When using this method, an index file is first constructed, which contains a specific group or division of the desired record. Once the index is obtained, partial indexing takes less time because it is situated in a specific group.
The advantage of the indexed sequential method is that even though all entries in the file must be read, items in the table can be inspected sequentially, and the search time for specific items is decreased. Rather than searching the large table, a sequential search is done on the smaller index. After finding the index point, the search is moved to the record table itself.
The easiest way to delete entries from an indexed sequential table is to mark them as deleted. Deleted items are disregarded when searching sequentially. From the original table, the item is removed.
Insertion into an indexed sequential table can be challenging since there may be no space between two table entries, resulting in a significant number of components being shifted.
Characteristics of indexed sequential search
- In Indexed Sequential Search, in addition to the array, a sorted index is created.
- Each index element refers to a block of elements in the array or to another expanded index.
- The index is searched first, followed by the array, and the array search is guided by the index.

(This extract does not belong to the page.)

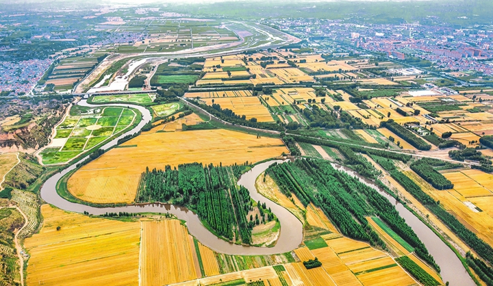 汾河稷山段弯曲的河道似舞者的飘带飞舞在河东大地。 薛俊摄

Fig 2: Indexed sequential search
Key takeaway
- Indexed Sequential Search actually does the indexing multiple times, like creating the index of an index.
- When a user requests specific records, the user's request will be directed to the index group where that specific record is stored first.
Binary Search
Binary search is the search technique which works efficiently on the sorted lists. Hence, in order to search an element into some list by using binary search technique, we must ensure that the list is sorted.

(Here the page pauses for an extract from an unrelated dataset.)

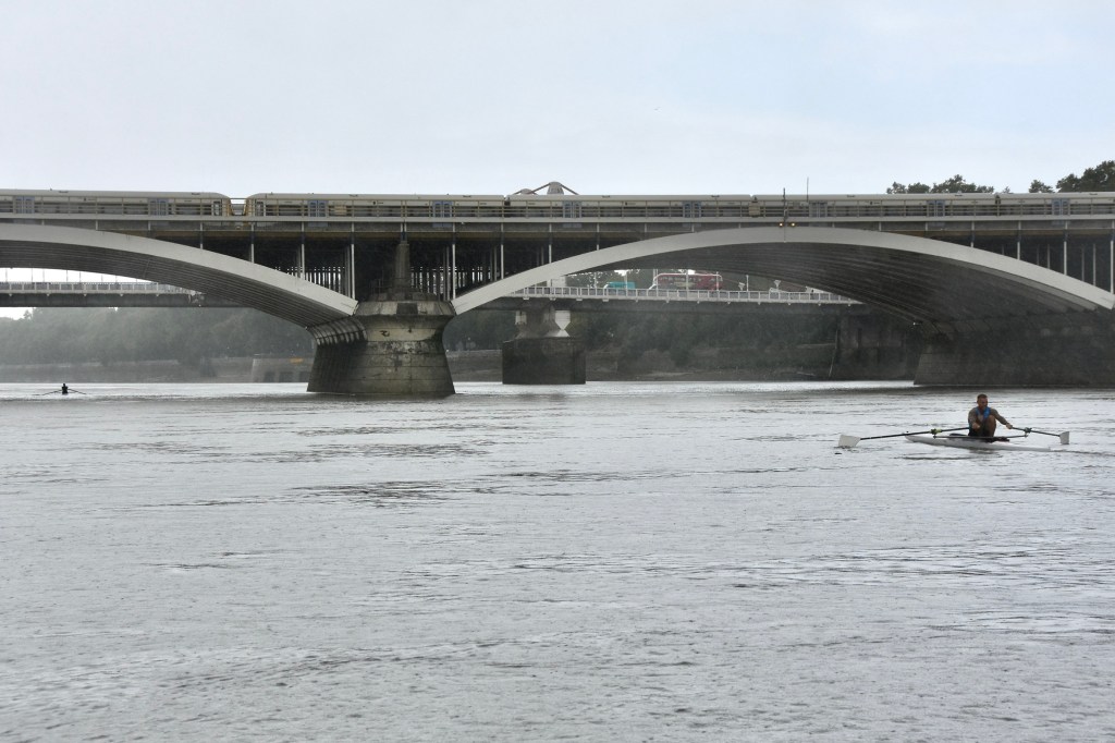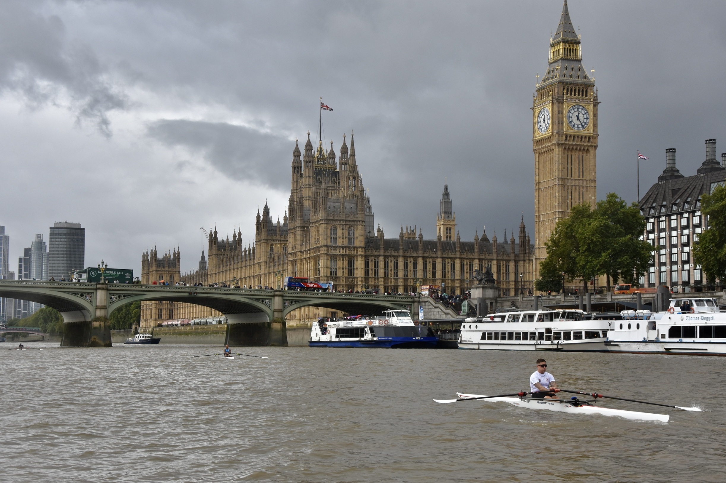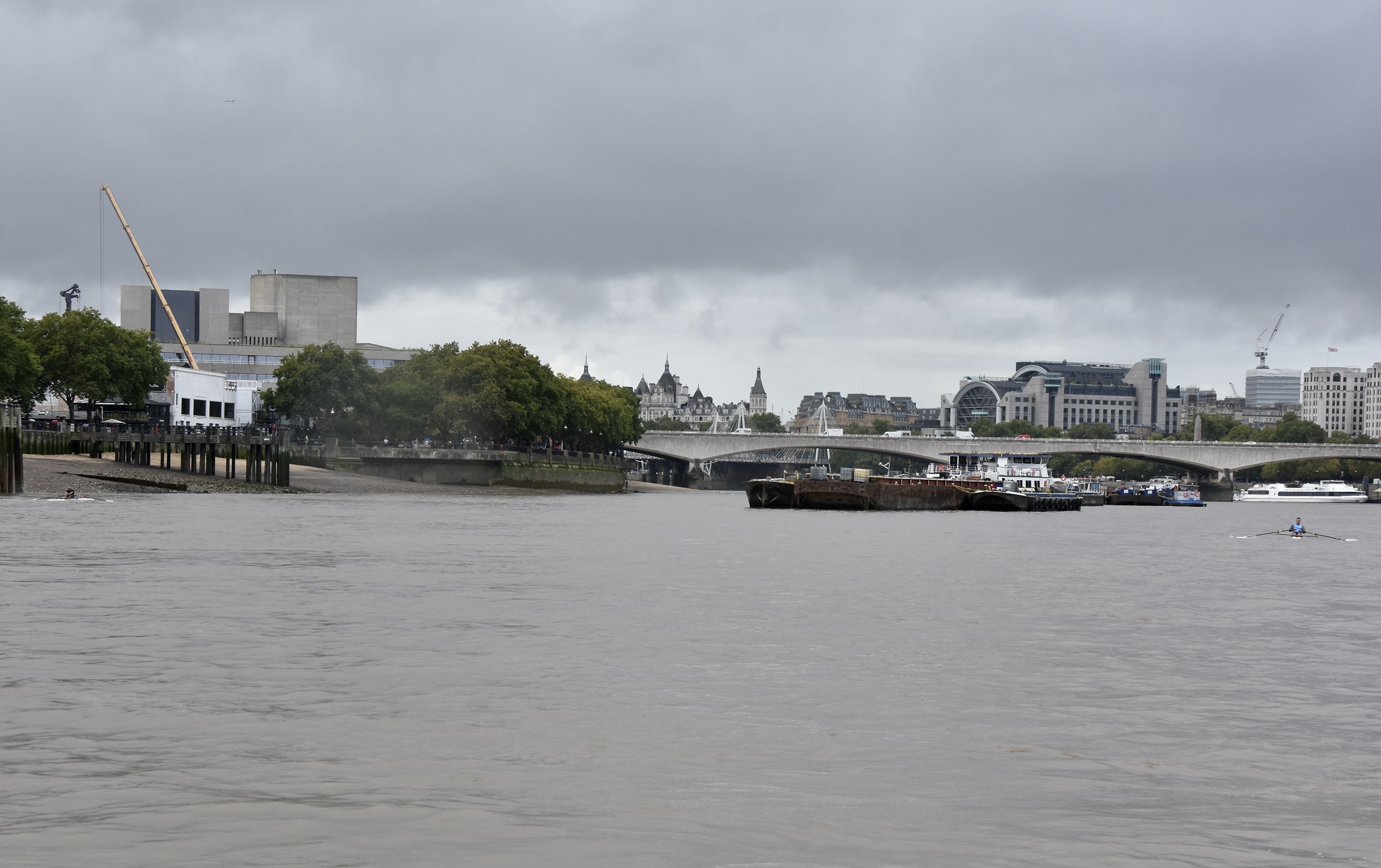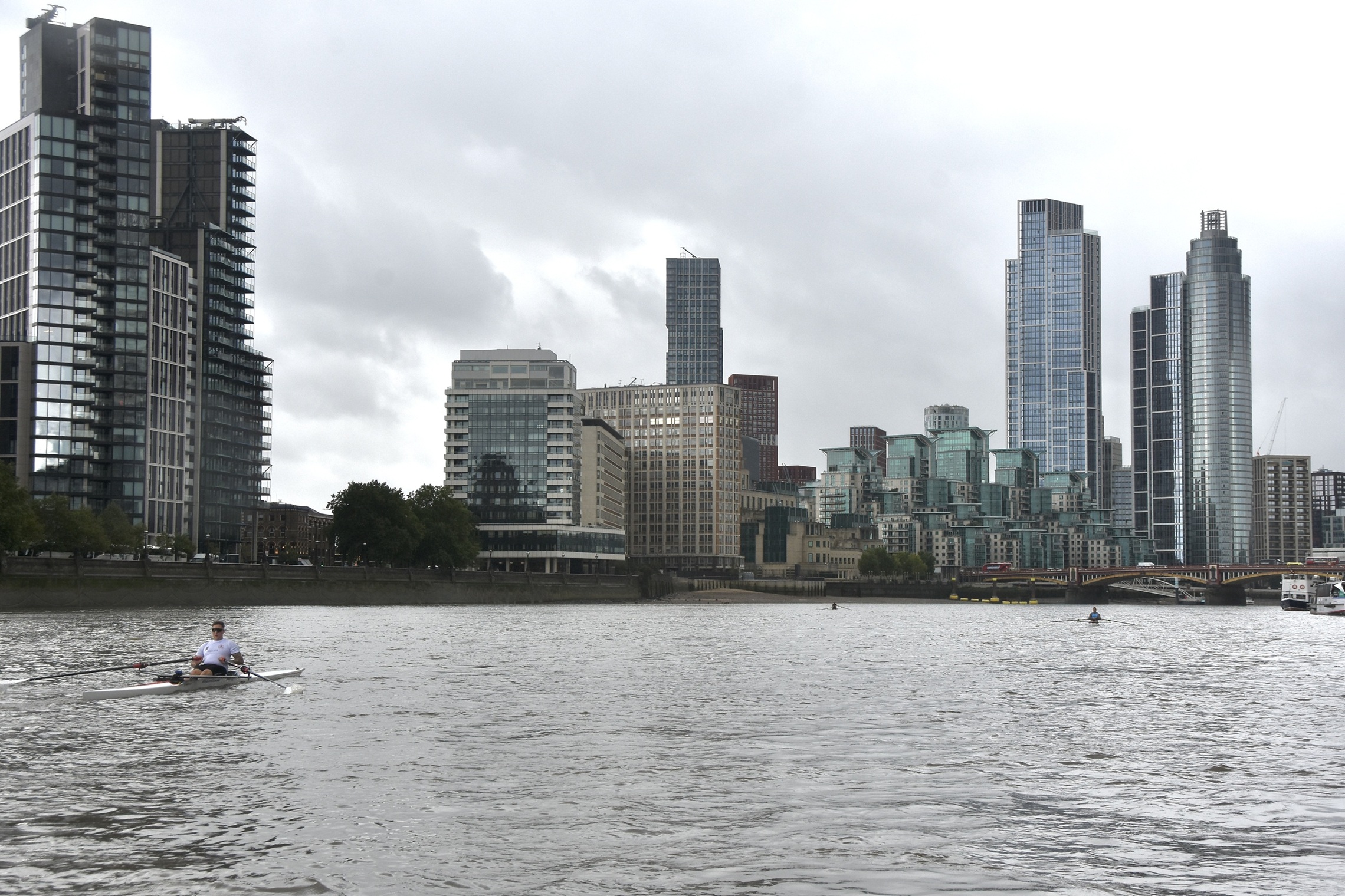 The course, 7400 metres of unsettled and unsuitable water between London Bridge and Cadogan Pier, Chelsea, containing washes, bends and currents, plus the potential to hit any of fourteen bridges and numerous other unyielding objects.Upstream of London Bridge, umpire Bobby Prentice raises the white flag to start the race. Left to right is Jack Finelli (in blue), Coran Cherry (in black) and Charlie Milward (in white). The green bridge in the background is Cannon Street Rail Bridge (250 metres into the course).The race order (Cherry first followed by Finelli then Milward) was quickly established and did not change. However, this does not mean that it was a dull race. Finelli constantly challenged Cherry and Milward made up the distance as the race progressed. Here the race is pictured as it approaches Southwark Bridge (400 metres).Left to right, Milward, Cherry, Finelli. The four bridges in view here are the Millennium Foot Bridge (700 metres), Blackfriars Rail Bridge (1050 metres), Blackfriars Road Bridge (1150 metres) and Waterloo Bridge (2000 metres). Cherry later told me that it was at Blackfriars that he felt confident that he could win.In the 850 metres between Blackfriars Road Bridge (1150 metres) and Waterloo Bridge (2000 metres), the competitors can choose to hug the south shore and go inside the moored barges at Coin Street, cutting the corner and taking flatter but slower water, or stay in the middle of the river and go outside of the moorings, taking a longer route but with faster though potentially rougher water. Cherry (left here) and Milward (out of the picture) went inside, Finelli (right here) stayed in the middle.Jack Finelli’s decision to take the less common course in the centre at Coin Street was a logical one for someone trying to move from second place to first. It was a gamble that ultimately did not pay off, but it was still one worth taking.While the boys were negotiating Coin Street, the umpire’s launch suddenly stopped (it was later discovered that a plastic bag had wrapped around the propeller). Very quickly, Umpire Prentice, Assistant Umpire Ken Dwan and commentators Martin Cross and Camilla Hadland Horrocks were transferred into the press boat – which then became the umpire’s launch. Picture: Jenifer Andersen. The new umpire’s launch caught up with the boys after they passed Waterloo Bridge (2000 metres) but before the Golden Jubilee Bridges and Hungerford Bridge (2350 metres, pictured). The race order was the same and no incidents had occurred while the umpire was indisposed. Approaching Westminster Bridge (2950 metres) and the Houses of Parliament, Cherry continued to pull away but Finelli and Milward were not giving up. Note the name on the tourist boat on the right, the MV Thomas Doggett.The water between Westminster Bridge and Lambeth Bridge (3650 metres, pictured) was rough but all the competitors handled the conditions well.Lambeth Bridge – the approximate half-way point.Conditions improved between Lambeth and Vauxhall Bridges.Vauxhall Bridge (4500 metres).Umpire Prentice keeps an eye on things on the long stretch between Vauxhall Bridge and the former Battersea Power Station.At the former Battersea Power Station (5900 metres).Heading towards the last two bridges on the course, Grosvenor Rail and Chelsea (6300 metres), it is still Cherry leading followed by Finelli then Milward.Just before the Grosvenor Rail Bridge, Umpire Prentice made the always hard decision to pass the last placed competitor, Charlie Milward. Here, Cherry has gone through the bridges, Finelli has yet to do so.After the Grosvenor Rail and Chelsea Bridges, Umpire Prentice also passed Jack Finelli (pictured), Coran Cherry’s lead now being unassailable.As he approached the finish at Cadogan Pier (7400 metres), just downstream of the Albert Bridge, the race was Cherry’s to lose – he just had to stay upright.In the dying minutes of the race there was a terrific squall.Driving rain accompanies Cherry’s final strokes.Cherry victorious on his fourth and final attempt in a time of 27m 01s.Finelli finished in 28m 14 s, Milward in 28m 30s.On Cadogan Pier, Milward is helped in by 2021 winner, James Berry.James Berry with Coran Cherry, the newest member of a very exclusive club, the Doggett’s Men.Finelli, Cherry and Milward – winners all.Coran with some of his family including his aunt on his right and his father on his left. His mother was originally from Grenada.

Binary search follows a divide and conquer approach in which the list is divided into two halves and the item is compared with the middle element of the list. If the match is found then, the location of the middle element is returned; otherwise, we search into either of the halves depending upon the result produced through the match.
Binary search algorithm is given below.
BINARY_SEARCH(A, lower_bound, upper_bound, VAL)
● Step 1: [INITIALIZE] SET BEG = lower_bound
END = upper_bound, POS = - 1
● Step 2: Repeat Steps 3 and 4 while BEG <=END
● Step 3: SET MID = (BEG + END)/2
● Step 4: IF A[MID] = VAL
SET POS = MID
PRINT POS
Go to Step 6
ELSE IF A[MID] > VAL
SET END = MID - 1
ELSE
SET BEG = MID + 1
[END OF IF]
[END OF LOOP]
● Step 5: IF POS = -1
PRINT "VALUE IS NOT PRESENT IN THE ARRAY"
[END OF IF]
● Step 6: EXIT
Complexity
SN | Performance | Complexity |
1 | Worst case | O(log n) |
2 | Best case | O(1) |
3 | Average Case | O(log n) |
4 | Worst case space complexity | O(1) |
Example
Let us consider an array arr = {1, 5, 7, 8, 13, 19, 20, 23, 29}. Find the location of the item 23 in the array.
In 1st step :
- BEG = 0
- END = 8ron
- MID = 4
- a[mid] = a[4] = 13 < 23, therefore
In Second step:
- Beg = mid +1 = 5
- End = 8
- Mid = 13/2 = 6
- a[mid] = a[6] = 20 < 23, therefore;
In third step:
- Beg = mid + 1 = 7
- End = 8
- Mid = 15/2 = 7
- a[mid] = a[7]
- a[7] = 23 = item;
- Therefore, set location = mid;
- The location of the item will be 7.
Fig 3 - Example
● Hashing is the process of mapping a large amount of data item to a smaller table with the help of hashing function.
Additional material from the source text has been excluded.